Your objective
Using the records below, output the stretch that opens with the line containing "Light stroking, induces" and closes with the line containing "Pattern firework new", exactly and including both lines, with nothing more.

Data supplied
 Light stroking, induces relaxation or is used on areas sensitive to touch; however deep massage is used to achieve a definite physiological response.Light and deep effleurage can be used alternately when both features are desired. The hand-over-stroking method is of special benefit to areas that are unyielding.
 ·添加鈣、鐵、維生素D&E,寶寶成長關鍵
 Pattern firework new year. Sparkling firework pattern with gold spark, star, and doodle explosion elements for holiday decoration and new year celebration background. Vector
--
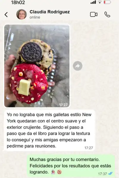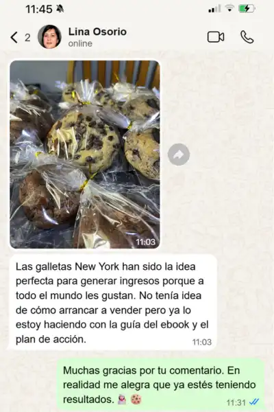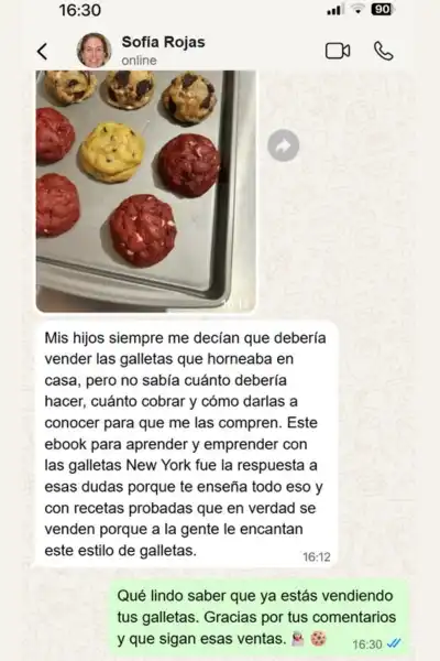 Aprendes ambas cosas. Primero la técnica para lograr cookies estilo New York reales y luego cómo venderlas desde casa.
* * *
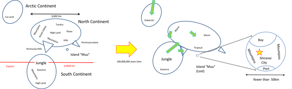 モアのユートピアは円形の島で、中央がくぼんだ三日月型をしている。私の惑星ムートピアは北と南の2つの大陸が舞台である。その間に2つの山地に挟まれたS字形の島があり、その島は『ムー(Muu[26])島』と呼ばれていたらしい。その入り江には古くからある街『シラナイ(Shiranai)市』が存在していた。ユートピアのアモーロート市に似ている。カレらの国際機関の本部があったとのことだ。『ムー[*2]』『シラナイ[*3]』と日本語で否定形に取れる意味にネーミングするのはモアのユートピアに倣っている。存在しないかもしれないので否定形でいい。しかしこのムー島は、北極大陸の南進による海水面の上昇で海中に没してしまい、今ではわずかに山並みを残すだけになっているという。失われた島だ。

Expected answer
 Light stroking, induces relaxation or is used on areas sensitive to touch; however deep massage is used to achieve a definite physiological response.Light and deep effleurage can be used alternately when both features are desired. The hand-over-stroking method is of special benefit to areas that are unyielding.
 ·添加鈣、鐵、維生素D&E,寶寶成長關鍵
 Pattern firework new year. Sparkling firework pattern with gold spark, star, and doodle explosion elements for holiday decoration and new year celebration background. Vector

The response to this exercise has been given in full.